I agree. Having access to a kind of semantic full search engine on basically all textbooks on Earth feels like a superpower. Even better would be if it could pinpoint the exact textbook references it found the answer in.


How will you know if its answers are correct or not?


Because I'm verifying everything by hand, as is the whole point of studying pure mathematics.


How can you verify a proof though? Pure math isn't really about computations, and it can be very hard to spot subtle errors in a proof that an LLM might introduce, especially since they seem better at sounding convincing rather than being right.


The same way I verify my own proofs of textbook exercises: very cautiously. Subtle errors are a feature of the problem domain, not a new novelty.


By using Lean, a proof assistant and a functional programming language.

Here's @tao on mathstodon saying he's learning it.

https://mathstodon.xyz/@tao/111206761117553482


To code proofs in lean, you have to understand the proof very well. It doesn't seem to be very reasonable for someone learning material for the first time.


That's not true at all.

You can literally learn how to write proofs using Lean: https://djvelleman.github.io/HTPIwL/


The examples in this book are extraordinarily simple, and covers material that many proof assistants were designed to be extremely good at expressing. I wouldn't be surprised if a LLM could automate the exercises in this book completely.

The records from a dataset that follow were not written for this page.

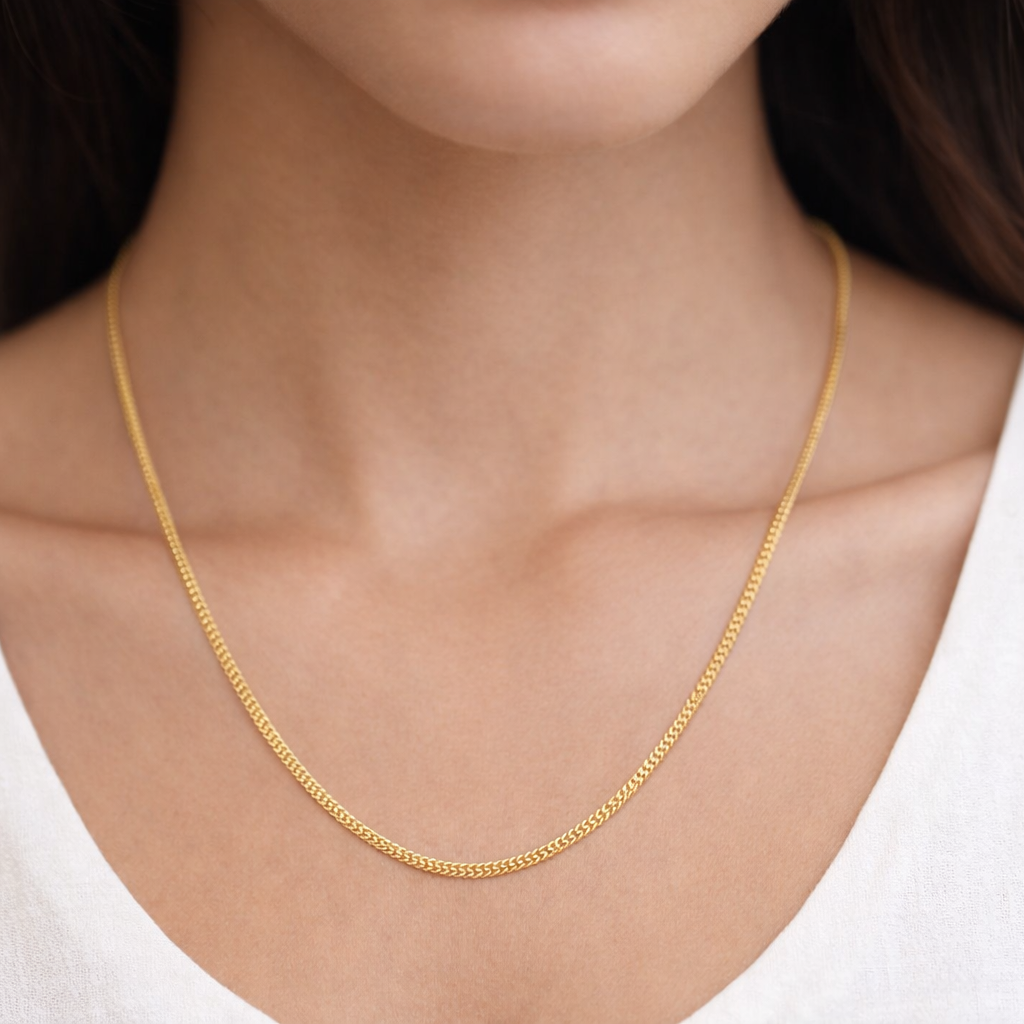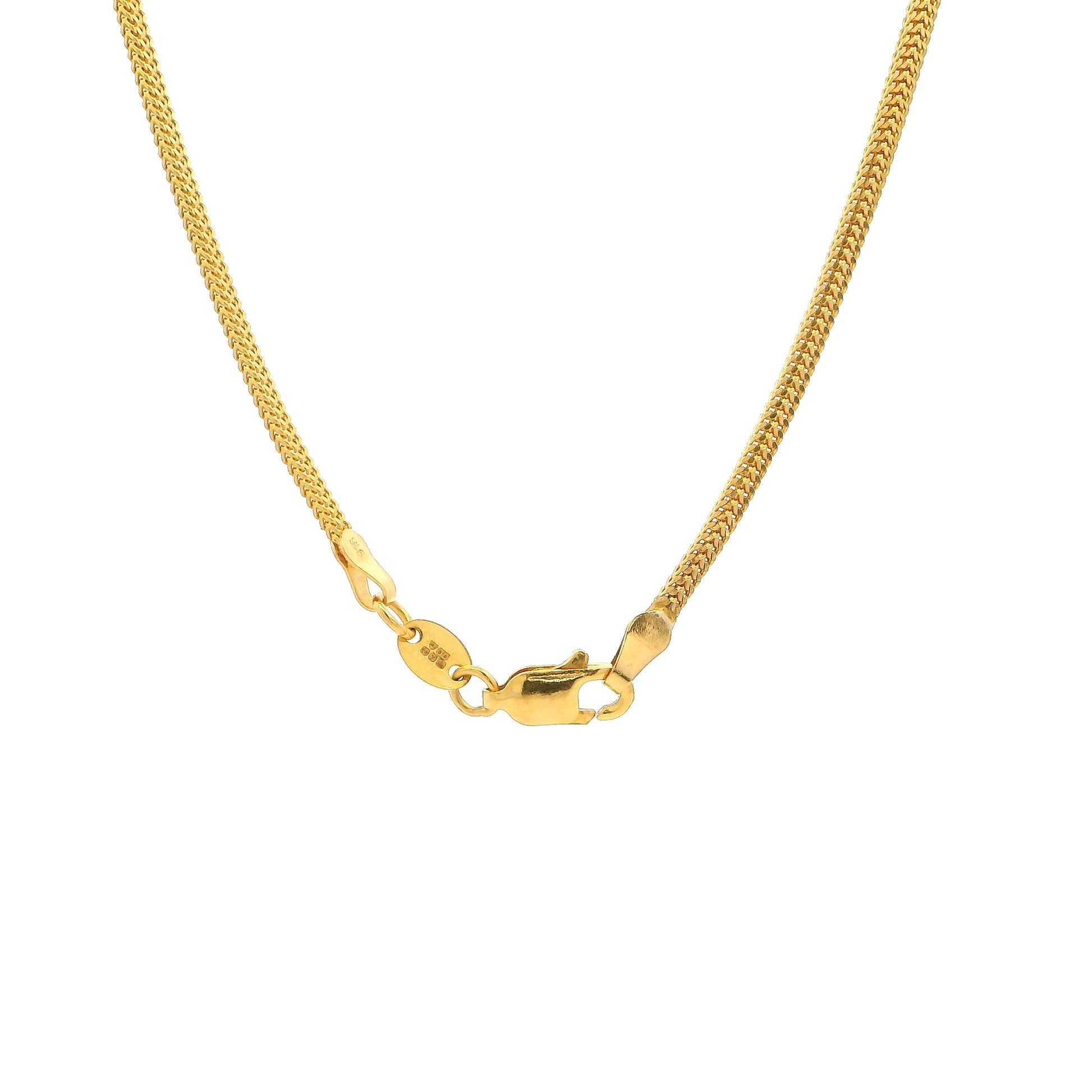 This 22ct Gold Flat Foxtail Chain Necklace showcases a sleek and classic design, crafted for those who appreciate refined simplicity. Featuring a flat foxtail link pattern, the chain offers a smooth, polished finish that sits comfortably against the skin while delivering a rich golden shine.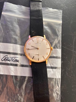 Elegante reloj Certina en estado prácticamente de estreno pese a sus años en condiciones excelentes con caja dorada y correa de piel negra de la marca - Esfera clara con números arábigos. - agujas he indices en negro poco vistos - Correa de piel negra con hebilla dorada.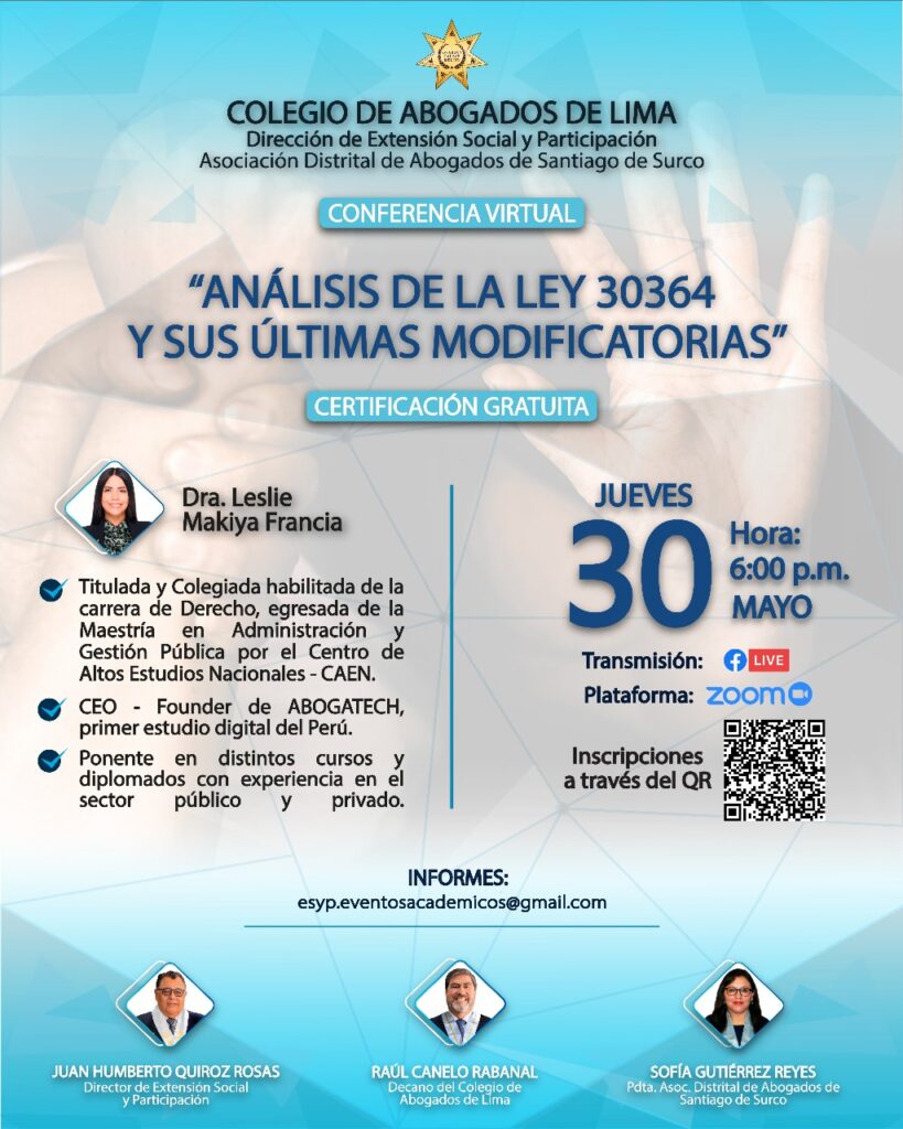 Conferencia Virtual «Análisis de la Ley 30364 y sus Últimas Modificatorias»

Writing nontrivial proofs in a theorem prover is a different beast. In my experience (as someone who writes mechanized mathematical proofs for a living) you need to not only know the proof very well beforehand, but you also need to know the design considerations for all of the steps you are going to use beforehand, and you also need to think about all of the ways your proof is going to be used beforehand. Getting these wrong frequently means redoing a ton of work, because design errors in proof systems are subtle and can remain latent for a long time.


> think about all of the ways your proof is going to be used beforehand

What do you mean by that? I don't know much about theorem provers, but my POV would be that a proof is used to verify a statement. What other uses are there one should consider?


The issue is-- there are lots of way to write down a statement.

One common example is if you're going to internalize or externalize a property of a data structure: eg. represent it with a dependent type, or a property about a non-dependent type. This comes with design tradeoffs: some lemmas might expect internalized representations only, some rewrites might only be usable (eg. no horrifying dependent type errors) with externalized representations. For math in particular, which involves rich hierarchies of data structures, your choice about internalization might can impacts about what structures from your mathematical library you can use, or the level of fragile type coercion magic that needs to happen behind the scenes.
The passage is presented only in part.